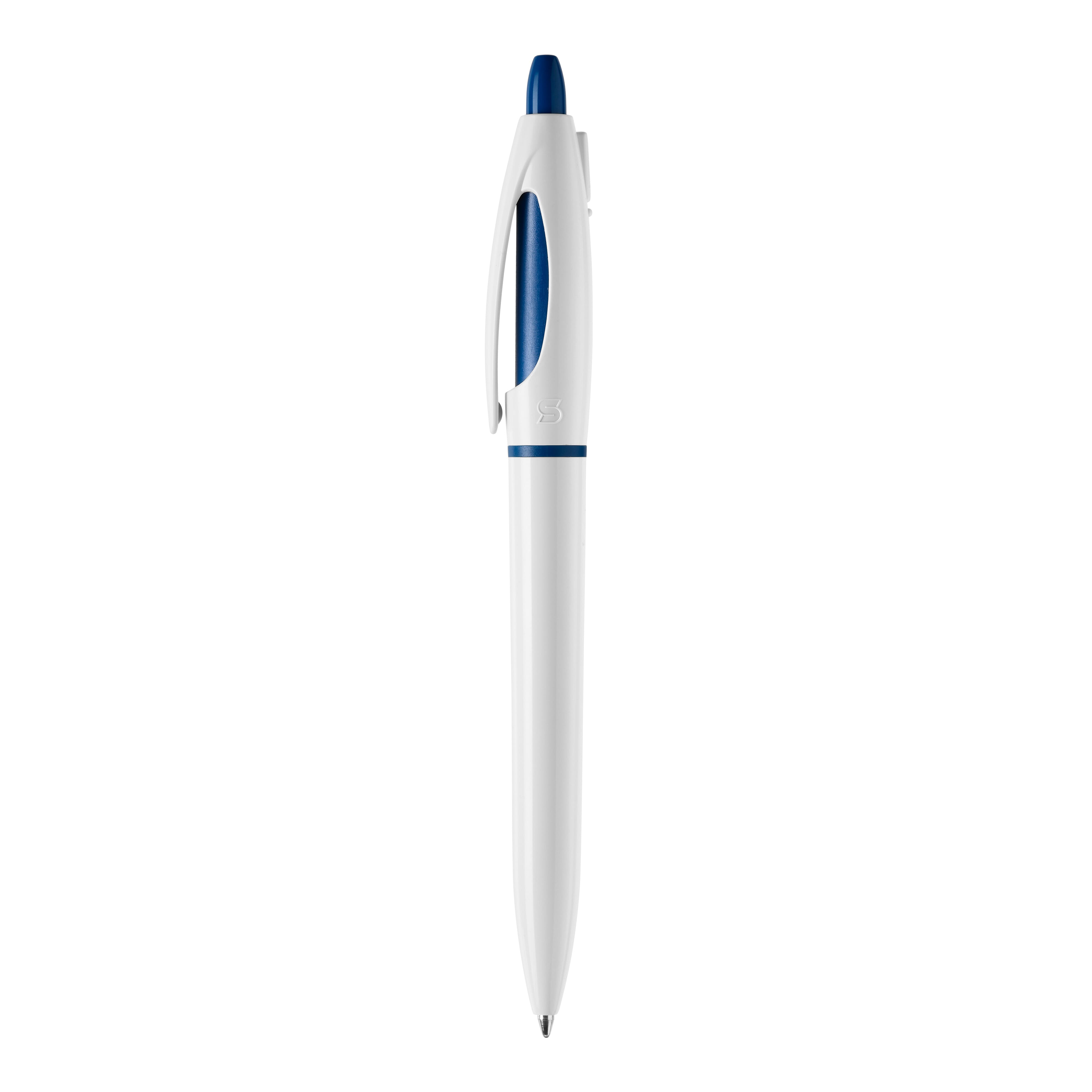 Der Hardcolour Kugelschreiber S! mit weißem Schaft und weißen Clip. Der Drücker und der Ring sind farbig. Ausgestattet mit einer blau schreibenden X20-Refill-Mine. Der Kugelschreiber besteht aus ABS und wird in Europa hergestellt. Ab einer Abnahmemenge von 5.000 Stück sind eigene Farbkombinationen möglich.
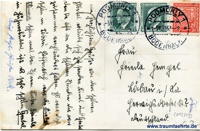 – Details – Jahr: ca. 1935 Status: gelaufen 1937 Beschriftung vorne: Tetschen-Bodenbach a. E. Beschriftung hinten: kein Text Stempel: 2x Podmokly 1, Bodenbach, 5b, -5.VIII.37-8 Hinweis:
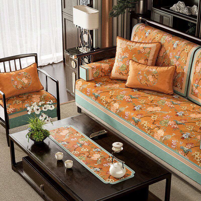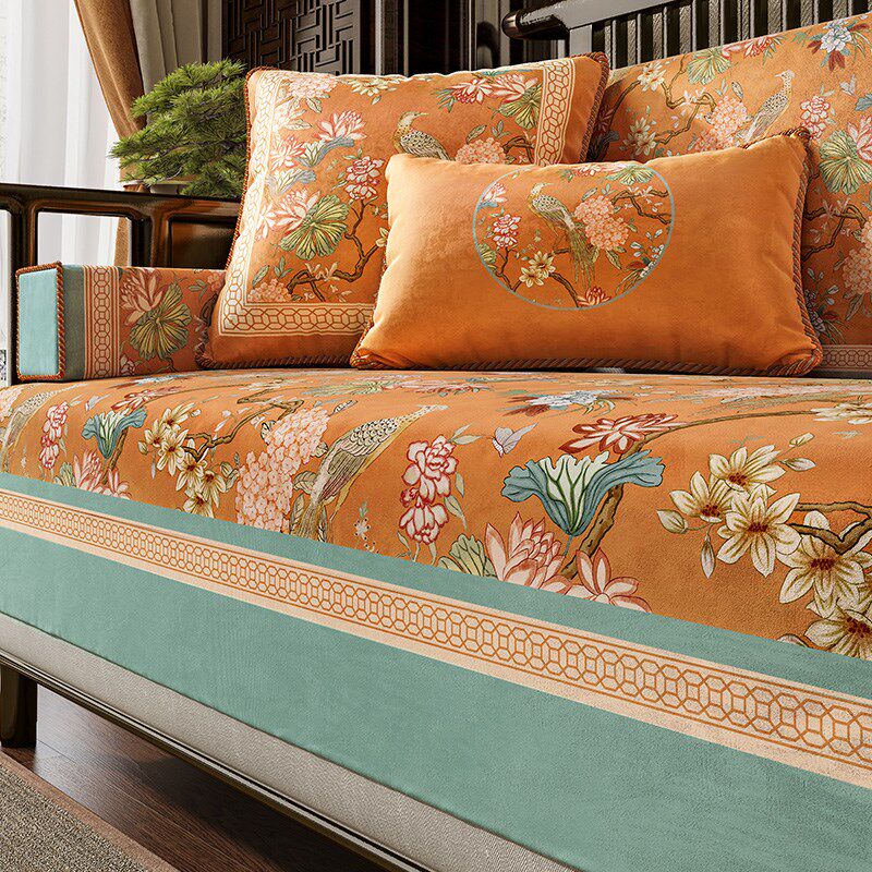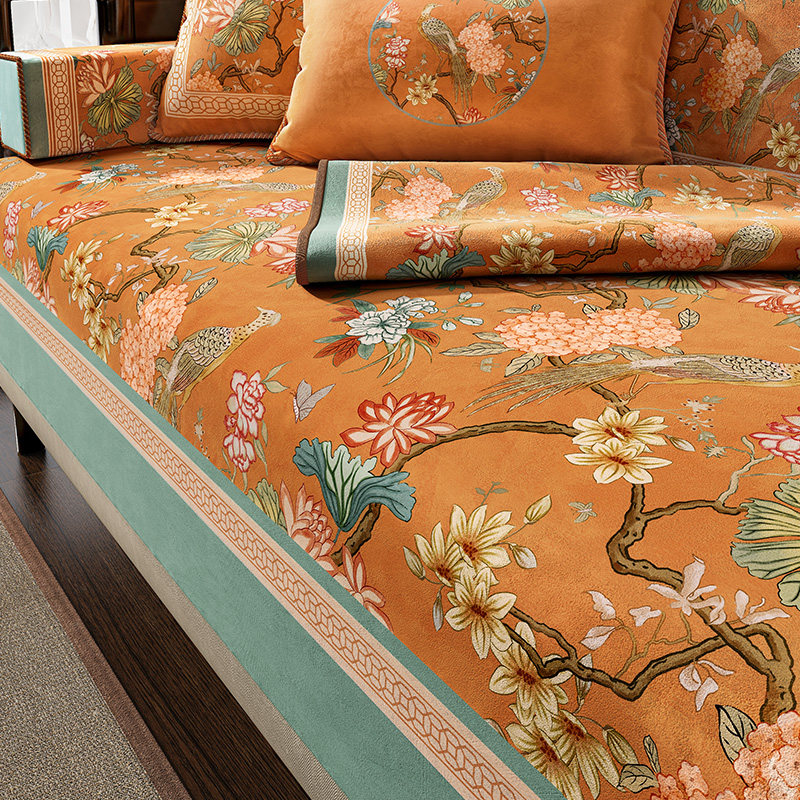📚 美式高级感一片式沙发坐垫防滑四季通用云柔绒扶手靠背盖布山绣球
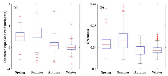 Seasonal dynamics of diameter expansion rate (a) and greenness (b) of isolated Spartina alterniflora patches over one-year period from March 2017 to February 2018. The statistical metrics including median (central mark of the box) and upper/lower quartiles (edges of the box) were calculated from all isolated patches within the year (N = 252) over the intertidal wetland in the Zhangjiang estuary, Fujian, China.

Problem to work on :: Transcribe all data precisely. Pictures are not copied.

Task response ::
 Der Hardcolour Kugelschreiber S! mit weißem Schaft und weißen Clip. Der Drücker und der Ring sind farbig. Ausgestattet mit einer blau schreibenden X20-Refill-Mine. Der Kugelschreiber besteht aus ABS und wird in Europa hergestellt. Ab einer Abnahmemenge von 5.000 Stück sind eigene Farbkombinationen möglich.
 – Details – Jahr: ca. 1935 Status: gelaufen 1937 Beschriftung vorne: Tetschen-Bodenbach a. E. Beschriftung hinten: kein Text Stempel: 2x Podmokly 1, Bodenbach, 5b, -5.VIII.37-8 Hinweis:
📚 美式高级感一片式沙发坐垫防滑四季通用云柔绒扶手靠背盖布山绣球
 Seasonal dynamics of diameter expansion rate (a) and greenness (b) of isolated Spartina alterniflora patches over one-year period from March 2017 to February 2018. The statistical metrics including median (central mark of the box) and upper/lower quartiles (edges of the box) were calculated from all isolated patches within the year (N = 252) over the intertidal wetland in the Zhangjiang estuary, Fujian, China.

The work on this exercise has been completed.